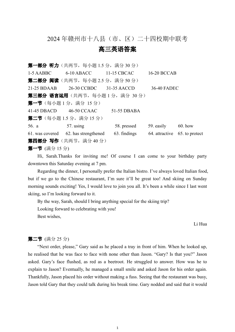 江西省赣州市十八县(市、区)二十四校2025届高三上学期期中考试英语答案
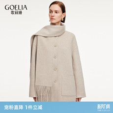 【明星同款】popchrio立领含驼绒双面呢羊毛大衣中长款毛呢外套女
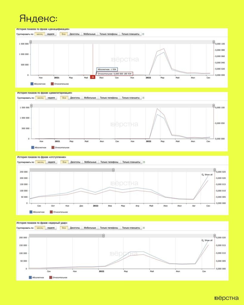 Это подтверждают и данные сервиса «Яндекс Wordstat». Если в феврале и марте число показов по словам «денацификация» и «демилитаризация» достигало и даже превышало миллион в месяц, то за сентябрь этот показатель в обоих случаях не превысил 80 тысяч запросов.
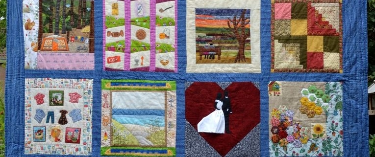 Marry Roeland quilt al jaren. Ze maakte voor de kleinkinderen quilts voor op bed. Op het bed van (o)pa en (o)ma lag echter geen quilt. Dus in het jaar dat ze 60 jaar getrouwd zouden zijn, zijn we als familie aan de slag gegaan met een herinneringsquilt.
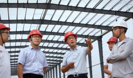 二十大代表、河南新乡市裴寨村党支部书记裴春亮(中)在村里了解产业园的建设情况(2022年9月8日摄)。新华社记者 李安 摄
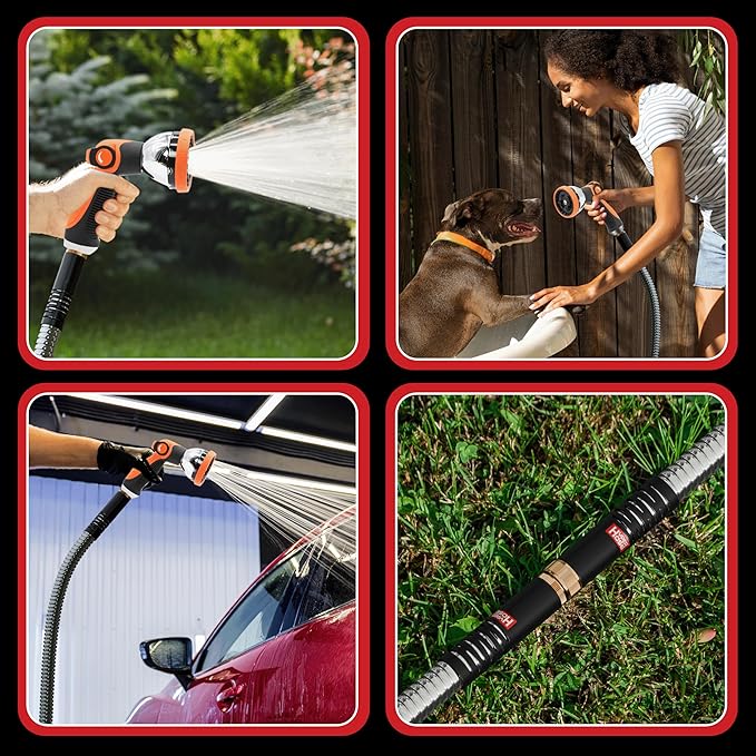 - UNBEATABLE DURABILITY: Crafted from premium 316 stainless steel—40% stronger than 304 steel—our Hyper hose is the ultimate garden hose, built to outlast traditional rubber hoses with unmatched strength and resilience with added 2% Molybdenum material and multi-layer flexible inner tube, its structure is stronger than traditional rubber water pipes or expandable / pocket hoses. Also, it can withstand dog bite, dragging through wall edges and ground, and will not break, crack or leak.
——
### What is being asked:
An exact copy of every entry above is needed, with the pictures left out.

### Output of the exercise:
 江西省赣州市十八县(市、区)二十四校2025届高三上学期期中考试英语答案
 【明星同款】popchrio立领含驼绒双面呢羊毛大衣中长款毛呢外套女
 Это подтверждают и данные сервиса «Яндекс Wordstat». Если в феврале и марте число показов по словам «денацификация» и «демилитаризация» достигало и даже превышало миллион в месяц, то за сентябрь этот показатель в обоих случаях не превысил 80 тысяч запросов.
 Marry Roeland quilt al jaren. Ze maakte voor de kleinkinderen quilts voor op bed. Op het bed van (o)pa en (o)ma lag echter geen quilt. Dus in het jaar dat ze 60 jaar getrouwd zouden zijn, zijn we als familie aan de slag gegaan met een herinneringsquilt.
 二十大代表、河南新乡市裴寨村党支部书记裴春亮(中)在村里了解产业园的建设情况(2022年9月8日摄)。新华社记者 李安 摄
 - UNBEATABLE DURABILITY: Crafted from premium 316 stainless steel—40% stronger than 304 steel—our Hyper hose is the ultimate garden hose, built to outlast traditional rubber hoses with unmatched strength and resilience with added 2% Molybdenum material and multi-layer flexible inner tube, its structure is stronger than traditional rubber water pipes or expandable / pocket hoses. Also, it can withstand dog bite, dragging through wall edges and ground, and will not break, crack or leak.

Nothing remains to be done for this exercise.